将所有商圈多边形转换为H3或Quadbin网格单元。保留位置标识符与

is_proposed

标记。

成功标志：每个位置对应一条网格单元记录，包含位置ID与类型标记。

Step 4: Find Overlap

步骤4：查找重叠区域

Use

native.joinv2

(inner join on the spatial index column) between existing-location cells and proposed-location cells. The result contains cells shared by at least one existing and one proposed location.

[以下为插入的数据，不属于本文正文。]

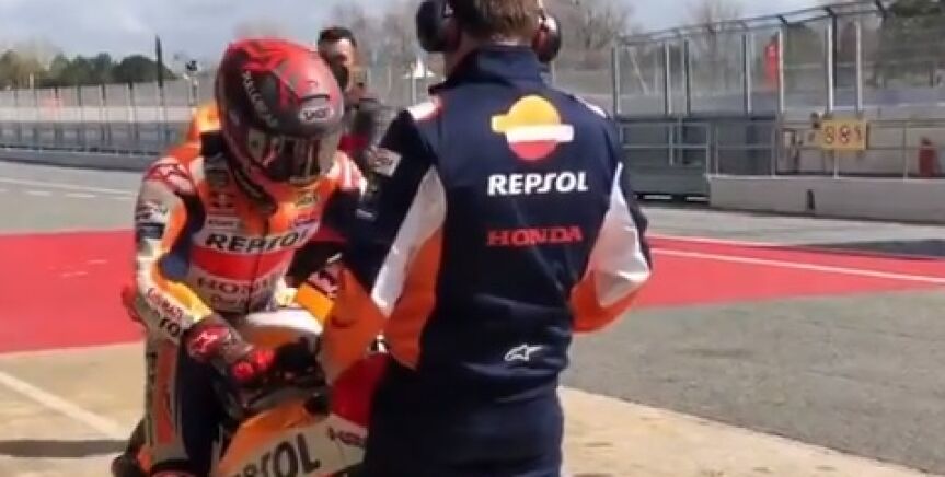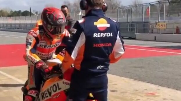 Si el pasado sábado Marc Márquez se subía a una mini moto e ilusionaba a todos sus fans con su vuelta, ahora lo ha hecho con una de mayor cilindrada, una RC213V-S de Honda.
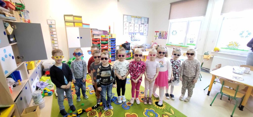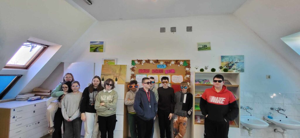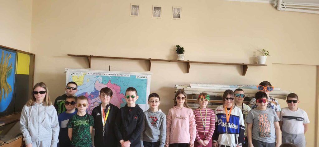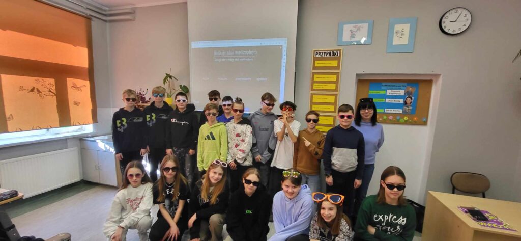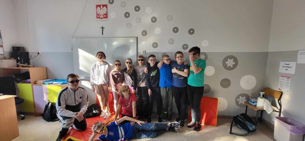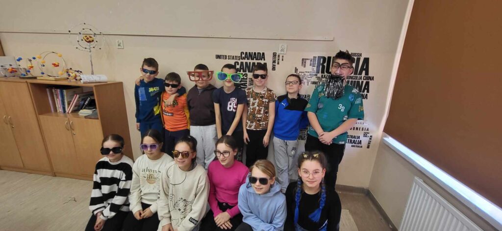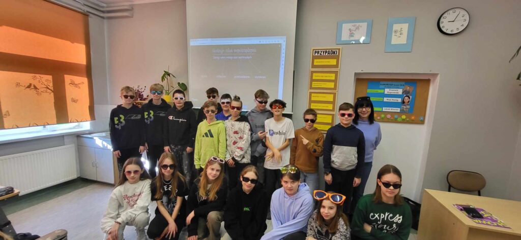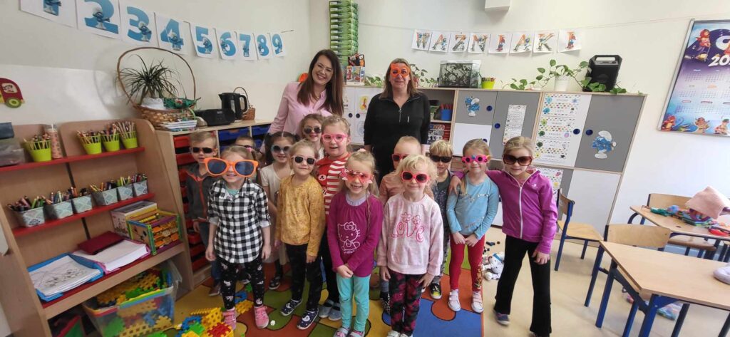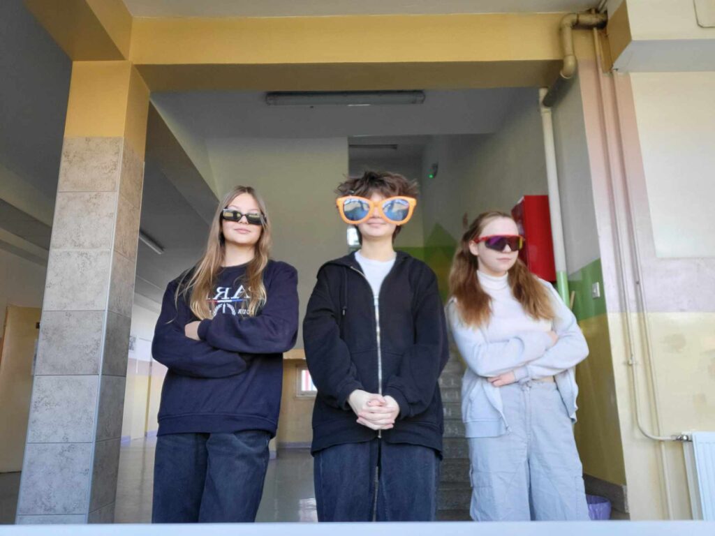 Środa była bardzo słoneczna, więc idealnie wpasowała się w „Dzień w okularach”, a uczniowie i nauczyciele wyposażeni w standardowe lub przeciwsłoneczne okulary ubarwili w tym dniu zajęcia szkolne.

Success: Output contains only cells that fall in both an existing and a proposed catchment.

使用

native.joinv2

（基于空间索引列进行内连接）关联现有位置单元与拟议位置单元。结果包含至少被一个现有位置和一个拟议位置商圈覆盖的单元。

成功标志：输出仅包含同时属于现有与拟议商圈的单元。

Step 5: Measure Impact

步骤5：量化影响

Use

native.groupby

to aggregate overlap:

Per existing location: count of overlapping cells / total cells in that location's catchment = overlap percentage
Enrich overlap cells with population or revenue to quantify shared demand

Use

native.selectexpression

to compute the overlap ratio.

Success: Each existing location has an overlap metric showing how much of its catchment is shared with proposed locations.

使用

native.groupby

聚合重叠数据：

单个现有位置：重叠单元数 / 该位置商圈的总单元数 = 重叠百分比
增强重叠单元数据：结合人口或营收数据量化共享需求

使用

native.selectexpression

计算重叠比率。

成功标志：每个现有位置都有一个重叠指标，显示其商圈与拟议位置商圈的共享程度。

Step 6: Save

步骤6：保存

Use

native.saveastable

Success: Validated workflow with per-location cannibalization metrics.

使用

native.saveastable

保存结果。

成功标志：生成带有单个位置蚕食指标的已验证工作流。

Pattern C: Twin Areas / Similar Locations

模式C：相似区域/同类选址

Top-performing locations -> Trade areas -> Enrich -> Build similarity model -> Score all candidate areas -> Rank -> Save

高绩效位置 -> 商圈 -> 数据增强 -> 构建相似性模型 -> 为所有候选区域评分 -> 排名 -> 保存

Step 1: Identify Reference Locations

步骤1：确定参考位置

Load the full location dataset. Filter to top performers (e.g. top quartile by revenue) using

native.wheresimplified

native.orderby

native.limit

Success: A subset of high-performing locations isolated as the reference set.

加载完整位置数据集。使用

native.wheresimplified

或

native.orderby

native.limit

筛选出高绩效位置（例如营收前四分之一的门店）。

成功标志：分离出作为参考集的高绩效位置子集。

Step 2: Generate and Enrich Trade Areas

步骤2：生成并增强商圈数据

Create isochrone or buffer trade areas around reference locations. Polyfill to H3/Quadbin. Enrich with demographics, POIs, and any relevant variables.

Success: Each reference location has a rich demographic profile.

为参考位置创建等时线或缓冲区商圈，填充为H3/Quadbin网格单元，添加人口统计、POI及其他相关变量数据。

成功标志：每个参考位置都有丰富的人口统计特征。

Step 3: Build Twin Areas Model

步骤3：构建相似区域模型

Use

native.buildtwinareasmodel

(BUILD_TWIN_AREAS_MODEL) to create a PCA-based similarity model from the enriched reference locations.

Input: enriched reference locations with numeric feature columns
The model captures the multivariate "signature" of successful locations

Success: A model artifact that encodes the demographic profile of top performers.

使用

native.buildtwinareasmodel

（BUILD_TWIN_AREAS_MODEL）基于增强后的参考位置创建PCA（主成分分析）相似性模型。

输入：带有数值特征列的增强参考位置数据
模型捕捉成功选址的多元“特征”

成功标志：生成编码高绩效位置人口统计特征的模型工件。

Step 4: Find Similar Locations

步骤4：寻找相似位置

Use

native.findsimilarlocations

(FIND_SIMILAR_LOCATIONS) to score all candidate areas against the twin-areas model.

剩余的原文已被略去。